Thursday, April 4, 2013

Provo Beach Resort.

Let me just start out by saying I LOVE MY IN-LAWS.
I could hang out with my brother-in-laws all day everyday and laugh the whole time. 

And they open doors for me and call me "sis" and invite me everywhere all the time and I just love them to pieces. 

I know, I know. I've told you a thousand times.
But I'm going to keep telling you. 
Probably forever.

And also, my father-in-law is the ultimate best. 
I feel better about my decisions and thoughts after I discuss them with him.
He literally is my second father. 

And my mother-in-law is the prettiest.

And HI. I finally have a sister after 20 years of living. No explanation needed there of how much I love having a sister-in-law.

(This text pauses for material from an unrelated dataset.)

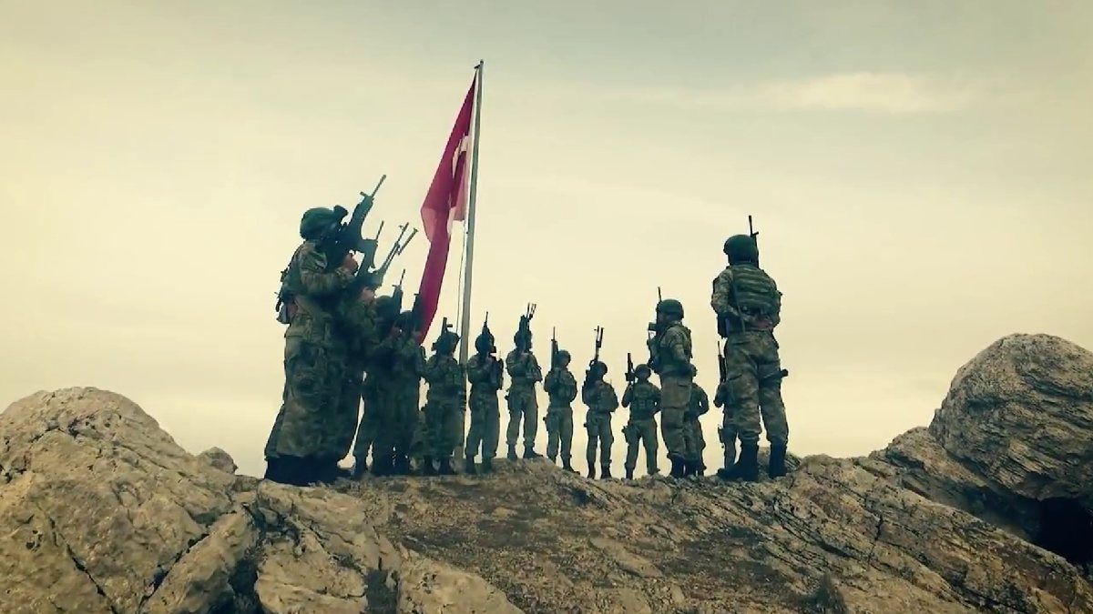 Farklı coğrafyalarda ülkesi için canlarını ortaya koyan askerler, ''Üstte mavi gök çökse, Altta yağız yer delinse, Can bedendeyse, Biz görevdeyiz!'' mesajıyla kararlılıklarını vurguladı.

OK. I'm done ranting about how great my in-laws are. 

Tonight Cole had school until late.
So I went to the Provo Beach Resort with my in-laws.
My aunt-and-uncle-and-cousins-in-laws(?) rented out the "flow-riding" section, and I've never laughed harder in my life.

Also, can I just tell you how much I love my aunt-in-law?
Ok. Seriously? Aunt-in-law? This is getting out of hand. WHAT DO I CALL PEOPLE?
Anyway. I have no idea where this is going.
Shoutout to Page for being the cutest!

REAL QUICK. Guys. The Provo Beach Resort is our new favorite date place.
It has:
1. Flow Rider
2. Ropes Course
3. Bowling
4. MINIATURE CROQUET (Yeah. I'm way pumped about this one. Sue me.)
5. PGA Golf Stimulators
6. Toddler Town
7. Pinewood Derby
8. Exclusive Track Rental
9. Carousel
10. LAZER TAG!!!!!!
11. Carnival Games/Arcade
12. Food

It is a child's paradise. AKA Amanda's and Cole's paradise.

Cole FINALLY got done with school, and met us at the resort!
Mike McCoy (Cole's stepbrother/friend/policebuddy) gave us a giftcard to the PBR, (THANK YOU MIKEYMIKE), so we seriously spent $50.00 tonight solely on arcade games. I'm just a kid who married a kid, guys, and I just absolutely EAT IT UP.

Let me tell ya. If the game has to do with "luck," I suck at it. Always. I wasn't born with a lucky bone in my body, I'm sure of it. I mean, my mom cried when I was born because I had such a GIANT conehead. And she thought I was going to be ugly forever, because she had never had a baby before and didn't know that all newborns look like they just fell from the freaking planet Mars. Sooooo pretty much I've had terrible luck from the get-go.
K. What does that even mean, by-the-way? The GET-GO? I don't even know sometimes.

Ally and I got matching rings. :)

We won a giant tennis ball, and Chan and Ty were playing "monkey-in-the-middle-keep-away" from me with it, so I finally got it after an hour, and I put it under my shirt and started walking like I was pregnant (while secretly baby hungry from it) and Chandler and Ty both stared at me and then looked at Cole and said: "You know you married a girl with the maturity level of a 13-year-old, right?" He knew.

Anyway, I just can't believe how well I get along with my in-laws.
I just can't believe ANY of it sometimes.

A year ago I decided to change my life.
A year ago I decided to give my whole self to God; not just the parts that were easy for me to give to Him.
And ever since then, I feel like He has been "rewarding" me.
He gave me a bishop who knew EXACTLY how to heal my mind.
He gave a calling to my dad in the Single's Ward that would end up saving his daughter.
He gave me a husband who I am desperately in love with.
He gave me in-laws who I could be around all the time.
And he gave me the Provo Beach Resort. (Haha. I just love it OK? Just let it go.)

Sometimes I don't feel like I deserve any of it.
But I guess all I can do is continue living my life in a way that shows Him how truly GRATEFUL I am for all these undeserved blessings.

I will end with a Cole-Quote-Of-The-Night.
I started my diet today, and I have to drink 80 oz. of water a day, and I HATE peeing that much.
So I was complaining about it.
Me: "It was terrible, I had to pee like 99 times."
Cole: "I got 99 problems, and they all pisses."